6. In Paragraph 1, A video decoding method characterized by calculating the cost of each intra prediction mode candidate included in the intra prediction mode candidate list, and then updating the intra prediction mode candidate list to include only a predefined number of intra prediction mode candidates selected in order of lowest cost.

7. In Paragraph 1, An image decoding method characterized by a predefined number of intra prediction modes with high amplitude values ​​on the above histogram being set as intra prediction mode candidates.

8. In Paragraph 1, The above histogram is the cumulative frequency of occurrence by intra-prediction mode, and The intra prediction mode of a neighbor block adjacent to the current block is represented on the histogram, and An image decoding method characterized in that the frequency of occurrence of the intra prediction mode of the neighbor block is set to the size of the neighbor block.

9. In Paragraph 1, The above histogram is the cumulative amplitude values ​​for each intra-prediction mode, and The intra-prediction mode of a reference sample within a reference region adjacent to the current block is represented on the histogram, and An image decoding method characterized in that the intra prediction mode and the amplitude value of the intra prediction mode of the reference sample are derived based on the horizontal slope and vertical slope of the reference sample.

10. In Paragraph 1, The above intra prediction is performed using one of a plurality of interpolation filters, and An image decoding method characterized in that one of the plurality of interpolation filters is specified based on an index decoded from a bitstream.

11. In Paragraph 1, An image decoding method characterized by calculating the cost of each of a plurality of interpolation filters and then performing the intra prediction based on the interpolation filter with the smallest cost.

12. In Paragraph 11, An image decoding method characterized in that the cost of the interpolation filter is calculated based on the difference between the prediction samples obtained by performing intra prediction based on the interpolation filter in the reference region of the current block and the restoration samples within the reference region.

13. In Paragraph 1, Based on each of the plurality of interpolation filters, the intra prediction is performed on the current block to derive the plurality of prediction blocks, and An image decoding method characterized by weighting the plurality of prediction blocks to derive the weighted sum prediction block of the current block.

14. A step of performing an intra prediction for the current block based on the intra prediction mode of the current block; and The step of encoding the intra prediction mode of the current block above, wherein The intra prediction mode of the above current block is encoded based on at least one intra prediction mode candidate list, and An image encoding method characterized in that the above-mentioned at least one intra prediction mode candidate list includes an intra prediction mode candidate derived from the histogram of the current block.

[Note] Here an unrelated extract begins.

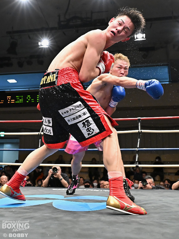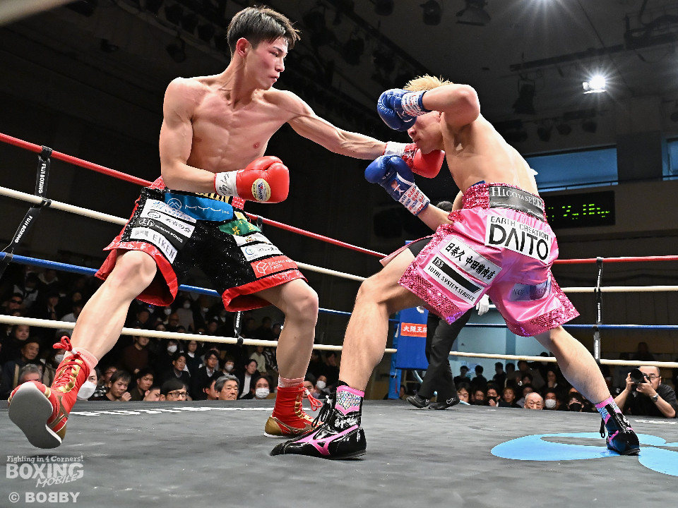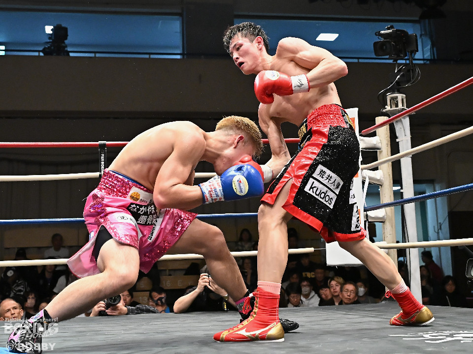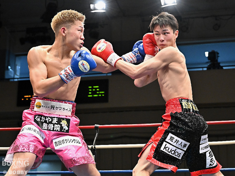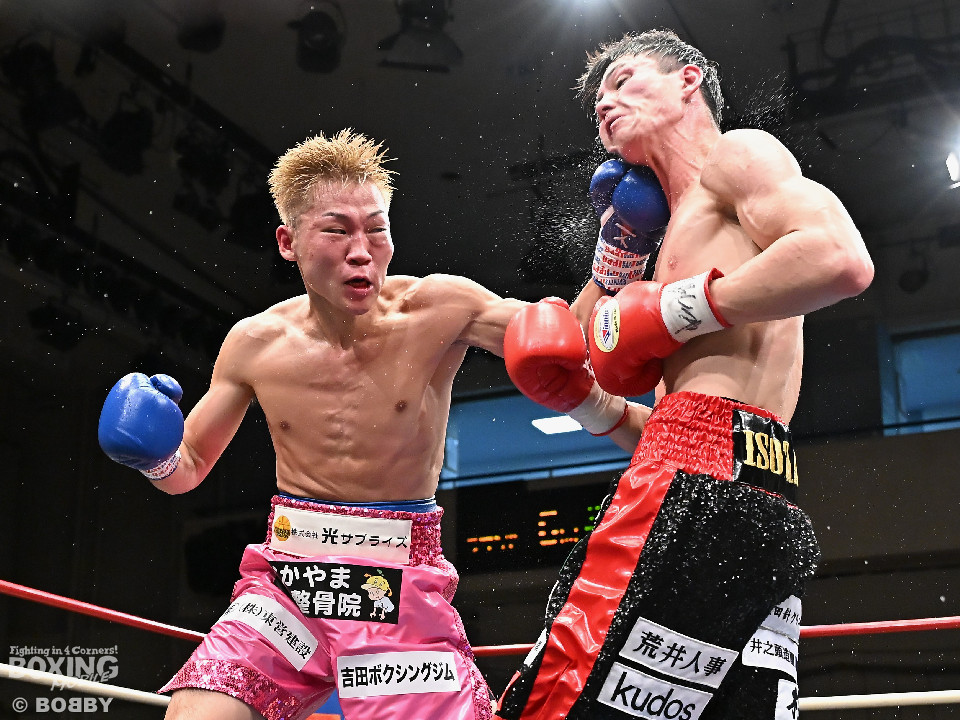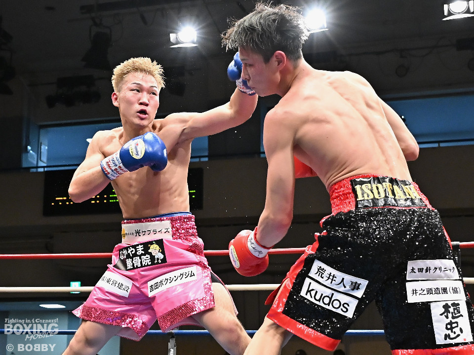 試合:日本ユース・ウェルター級王者の磯谷V2戦。挑戦者はA級初戦でチャンスをつかんだ山本。初回、磯谷がロングレンジをキープしながらジャブを飛ばすのに対し、山本は単発の左フックで対抗。2回、磯谷は長いリーチを活かした左で組み立てるとワンツーをヒット。続く回も磯谷が距離を保った。4回、山本はプレスをかけてワンツーを好打し見栄えの良さをアピール。このラウンド、磯谷は手数が少ない。前半終了時の公開採点は、39-37×3で磯谷がリード。5回、磯谷はジャブを軸に丁寧な組み立て。6回、磯谷はジャブで顔を弾くと山本の左目下が腫れてきた。8回、逆転を狙う山本は積極的に攻め立てたが決定打を打ち込むことができなかった。終始、試合をコントロールした磯谷が防衛に成功した。

15. A processor for acquiring compressed video data; and It includes a transmission unit that transmits the above-mentioned compressed video data, The above compressed video data is, A step of performing an intra prediction for the current block based on an intra prediction mode of the current block; and It is generated through the step of encoding the intra prediction mode of the current block above, and The intra prediction mode of the above current block is encoded based on at least one intra prediction mode candidate list, and An apparatus for transmitting compressed video data, characterized in that the above-mentioned at least one intra prediction mode candidate list includes an intra prediction mode candidate derived from the histogram of the current block.